In the Matter of Bethany Liou and Golden California Regional Center, LLC
Admin. Proc. File No. 3-19597

The EB-5 program, created by the U.S. Congress in 1990, offers EB-5 visas to foreign individuals who invest $500,000 in a new enterprise located in a rural area or an area of high development. On November 4, 2019, the Commission issued a settled order (the "Order") instituting cease-and-desist proceedings against Bethany Liou ("Liou") and Golden California Regional Center, LLC (collectively, the "Respondents"). In the Order, the Commission found that, beginning in July 2016, the Respondents offered EB-5 securities in the form of limited partnership interests in the GCRC Cupertino Fund, LP (the "Cupertino Fund") and instead of providing those funds to the developer in accordance with the Cupertino Fund offering documents, Liou transferred the investor funds to accounts in Liou's name and then pledged investor funds as collateral for a line of credit. The Commission found that the Respondents violated Section 17(a)(2) of the Securities Act of 1933 and ordered them to, jointly and severally, pay disgorgement of $49,306,893 and prejudgment interest of $988,339 to the Commission (the "Distribution Fund"), pursuant to a payment plan. According to the Order, the staff of the Commission will seek to distribute collections to the Cupertino Fund investors. See the Commission's Order: Release No. 33-10725.

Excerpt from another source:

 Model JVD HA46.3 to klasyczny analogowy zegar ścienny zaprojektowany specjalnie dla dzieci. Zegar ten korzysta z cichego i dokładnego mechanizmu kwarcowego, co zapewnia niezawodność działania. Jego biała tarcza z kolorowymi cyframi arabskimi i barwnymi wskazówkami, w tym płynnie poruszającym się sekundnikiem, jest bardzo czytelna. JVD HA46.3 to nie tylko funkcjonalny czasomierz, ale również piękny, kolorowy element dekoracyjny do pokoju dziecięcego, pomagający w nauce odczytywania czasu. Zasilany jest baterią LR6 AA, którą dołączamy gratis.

On December 2, 2019, the Commission issued an order appointing Miller Kaplan Arase LLP, as the Tax Administrator of the Distribution Fund

On March 20, 2020, the Commission issued an order appointing JND Legal Administration, as the Fund Administrator to oversee the administration and distribution of the Fair Fund and, set the administrator’s bond amount. See the Commission’s Order: Release No. 34-88442. In anticipation of a distribution, the Fund Administrator may reach out to investors to confirm their contact information and obtain other information that will be necessary for the distribution.

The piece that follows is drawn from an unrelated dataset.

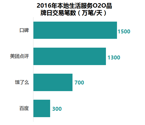 O2O本地生活服务平台格局也发生明显变化。美团点评交易额仍旧排名行业第一;以日交易笔数计算,口碑成为成长速度最快的平台,以1500万笔/天的水平超越美团点评排名第一。在平台方面,美团点评已大约2424.4亿的交易额仍旧排名行业第一,口碑以1731亿排名第二,百度、饿了么排名第三、第四。

On September 2, 2020, the Commission published a notice of the proposed plan of distribution and opportunity for comment and simultaneously published the proposed plan of distribution (“Proposed Plan”). The notice provides the public with 30 days to submit their comments on the Proposed Plan. See the Commission’s Notice: Release No. 34-89755 and the Proposed Plan.

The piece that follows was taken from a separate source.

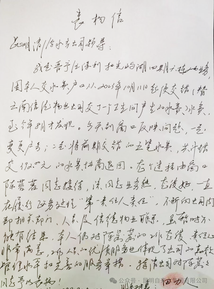 8月下旬,一位用户来到呈贡区自来水营业厅向客服人员求助,因物业提供错误用水户号,自2023年首次缴费起自己便误交他人水费,同时用户本人还开通了微信自动扣费功能,直至今年8月,才发现自己错缴水费。收到用户的诉求后,客服人员陈蓉蓉第一时间为用户查询缴费记录,并积极联系抄表员、物业公司全力协调处理,同时认真记录用户诉求,承诺持续为用户跟进处理水费的问题。水费错缴问题虽未当场解决,但用户却被陈蓉蓉认真尽责的态度深深打动,于是留下表扬信,特地提出表扬。目前,该用户错缴水费问题已得到妥善解决。

The Plan proposes to distribute the Net Available Distribution Fund, which is comprised of the $48,340,835.64 in disgorgement and prejudgment interest collected pursuant to the Order, plus any accrued interest and earnings thereon and any additional funds collected pursuant to the Order, minus all taxes, investment fees, and fees and expenses of tax and fund administration, to investors who purchased limited partnership interests in the Cupertino Fund, and who suffered losses due to the Respondents’ conduct described in the Order. The Commission received four comments to the Plan, publicly available here.

On December 10, 2020, the Commission issued an order approving the Plan and published the Plan as approved. See the Commission’s Order: Release No. 34-90625 and the plan.

On May 10, 2021, the Commission issued an order directing the disbursement of $48,373,956.25 from the Distribution Fund to the Distribution Fund’s escrow account at The Huntington National Bank for distribution by the Fund Administrator in accordance with the Plan. See the Commission’s Order: Release No. 34-91815.

On April 7, 2022, the Commission issued an Order Authorizing the Disposition of Funds Remaining in the Distribution Fund and Any Funds Returned to the Distribution Fund in the Future, Discharging the Fund Administrator, Cancelling the Administrator’s Bond, and Terminating the Distribution Fund. See the Commission’s Order: Release No. 34-94627.